Coup de théâtre en Thaïlande: le premier ministre Samak Sundaravej, qui tient tête depuis deux semaines aux opposants de droite voués à sa chute, a été destitué hier par la Cour constitutionnelle pour son amour excessif de la cuisine.

Accusé d'avoir accepté de l'argent pour deux émissions culinaires télévisées où il était en vedette, Samak a été déclaré coupable de conflit d'intérêts à l'unanimité des neuf juges de la Cour.

Samak, 73 ans, passionné de cuisine et au pouvoir depuis à peine sept mois, a été reconnu coupable d'avoir été payé par la maison de production Face Media, pour deux émissions culinaires télévisées (Goûter et Râler et Tous à table à 06h00).

«Le premier ministre a violé l'article 167 de la Constitution et ses fonctions cessent. Comme son statut ministériel n'est plus, l'ensemble du gouvernement doit partir», dit le verdict lu à la télévision par le juge Chat Chonlaworn, président de la Cour constitutionnelle.

Au camp de tentes doté de téléviseurs et installé par ses opposants autour du palais du gouvernement au coeur de Bangkok, c'était la fête dans l'ambiance de foire avec fast food, concerts pop, discours et massages sous les cocotiers.

La crise se complique

Mais loin de mettre fin à la crise, ce verdict la complique un peu plus: Samak peut se succéder à lui-même et la coalition de six partis menée par son PPP a annoncé qu'elle proposerait son nom à la Chambre basse du Parlement, qui pourrait voter dès demain.

«L'infraction était insignifiante et n'était pas le résultat d'une mauvaise gestion», a déclaré un dirigeant du PPP, Witthaya Buranasiri.

Samak a dit à la Cour qu'il avait accepté de l'argent de Face Media seulement pour acheter des ingrédients et payer ses déplacements.

Ses opposants sont restés tout aussi fermes. «Si Samak est de nouveau premier ministre, nous resterons ici jusqu'à ce qu'il parte à la retraite», a lancé Somsak Kosaisuk, un leader des manifestants.

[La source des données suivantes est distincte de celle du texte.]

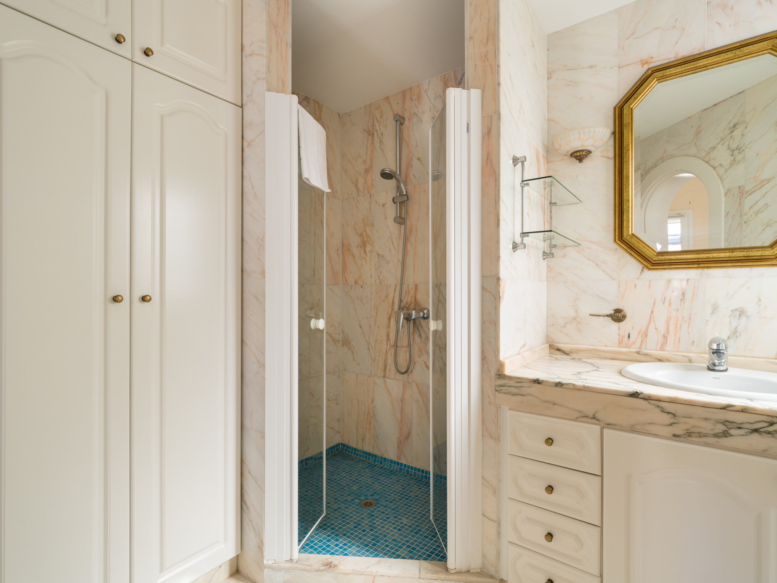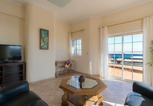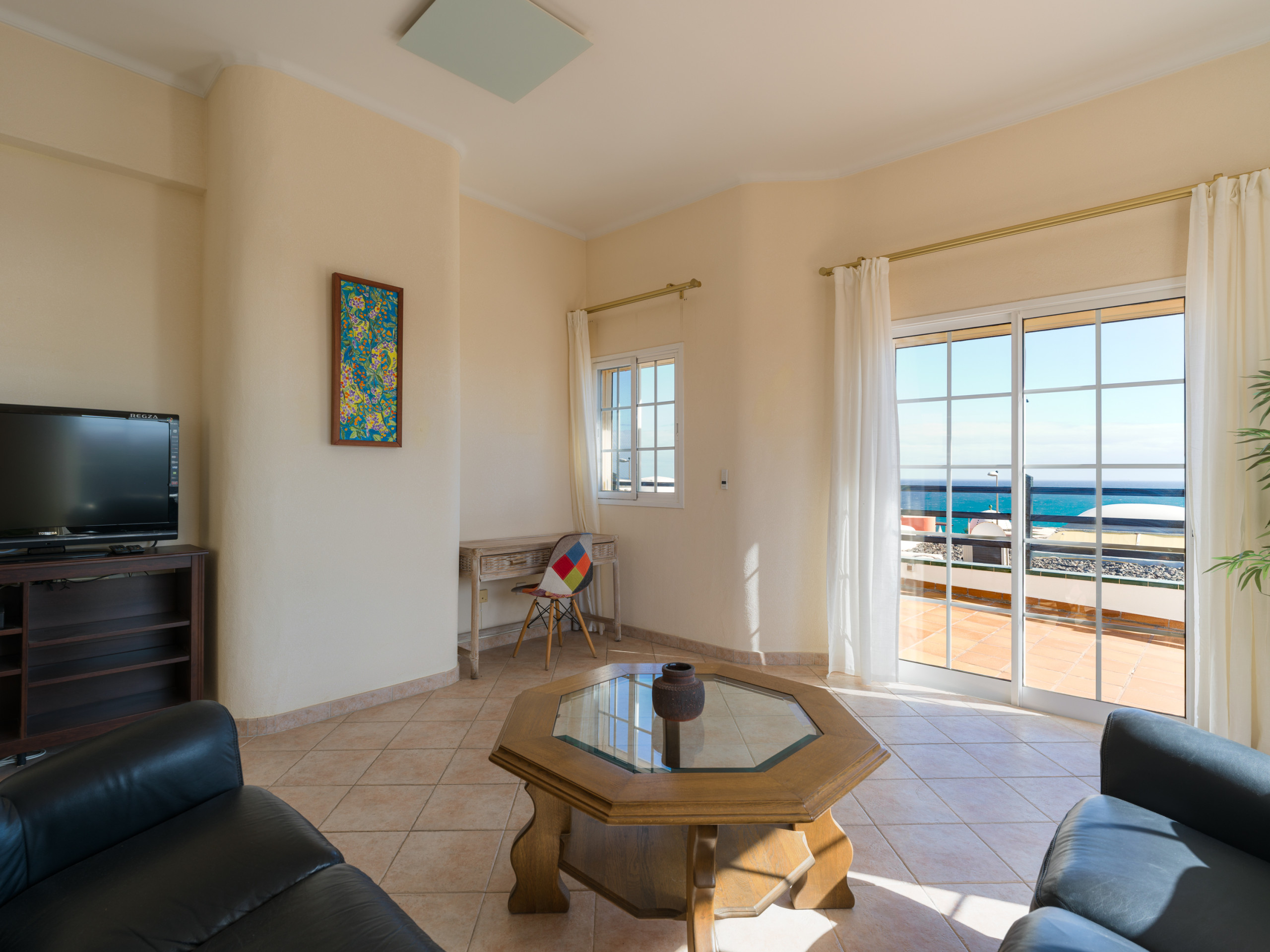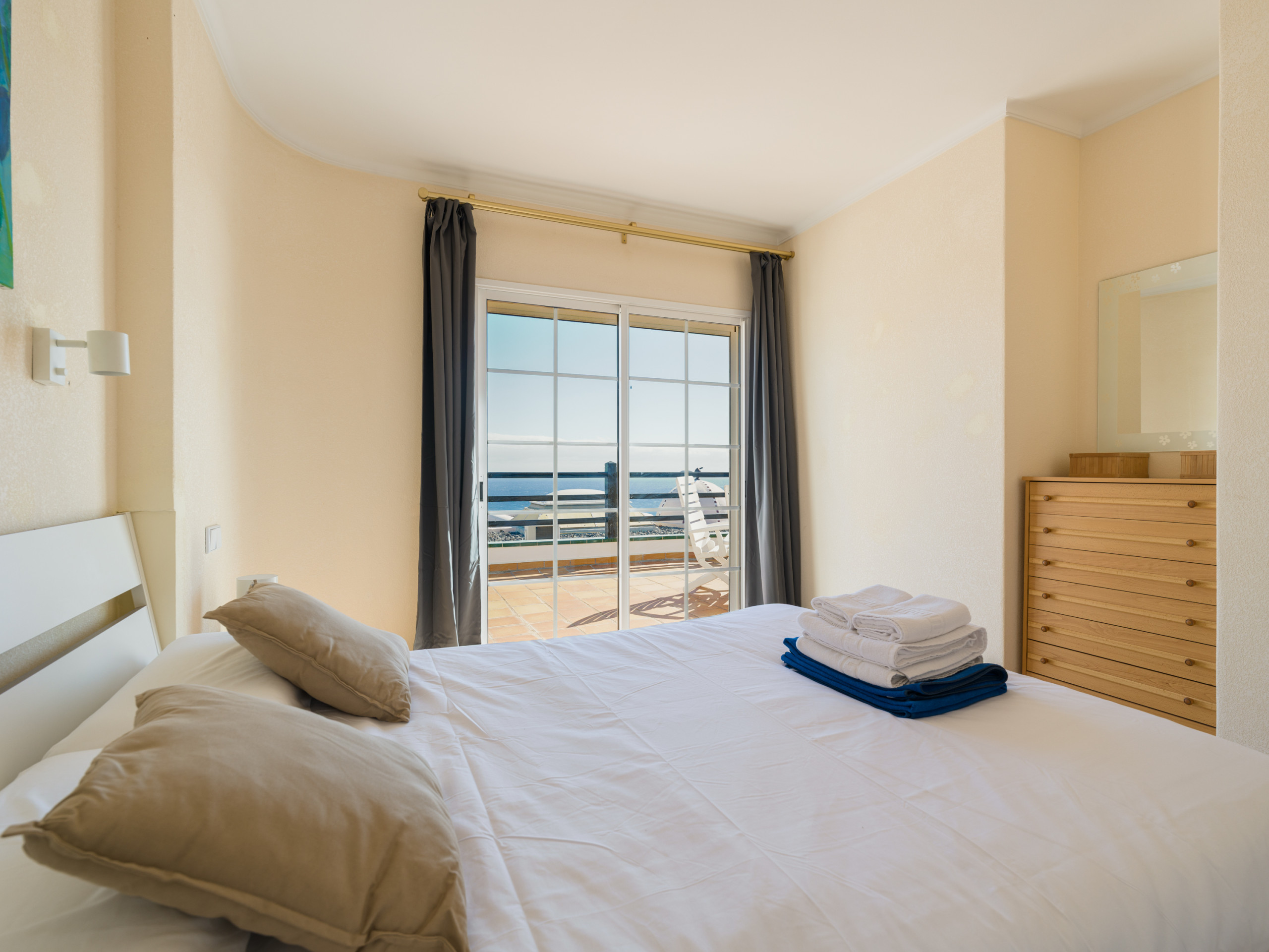 The ground floor consists of a living room with sea views and access to the terrace, a fully equipped kitchen with dining area, a master bedroom with sea views and access to the terrace, a full bathroom with shower, and a second double bedroom with private bathroom with shower.

Les protestataires accusent Samak d'être une «marionnette» de l'ancien homme fort de la Thaïlande, Thaksin Shinawatra, renversé par un coup d'État en 2006 et qui s'est exilé en Grande-Bretagne pour fuir des accusations de corruption.

Selon la Cour, le gouvernement se limitera à gérer les affaires courantes jusqu'à l'élection du nouveau premier ministre par le Parlement.

L'intérim est assuré par Somchai Wongsawat, beau-frère de Thaksin, ce qui en soi garantit que les opposants ne sont pas prêts à désarmer.

Une «démocratie» des élites

Après deux semaines de siège au centre de Bangkok, la crise, qui entre dans une nouvelle phase, apparaît de plus en plus comme une épreuve de force entre un courant modernisateur, mais populiste et des clans réactionnaires accrochés à leurs privilèges.

Ainsi, la soi-disant Alliance populaire pour la démocratie (PAD), qui milite contre Samak, refuse la démocratie parlementaire et veut un Parlement nommé. Elle juge que les pauvres et les paysans sont des illettrés, naïfs et manipulables, dont Thaksin et Samak ont «acheté les votes» pour se hisser au pouvoir.

Thaksin, de son côté, ancien policier, est un milliardaire démagogique qui a trouvé le secret du pouvoir chez les paysans, tout en gérant sa fortune au-dessus des lois. Quant à Samak, fils d'aristocrate aux manières rustres, son nom reste lié au massacre de l'Université Thammassat en octobre 1976 quand il était ministre de l'Intérieur.

«Samak s'est mijoté une soupe chaude», titrait hier le Bangkok Post.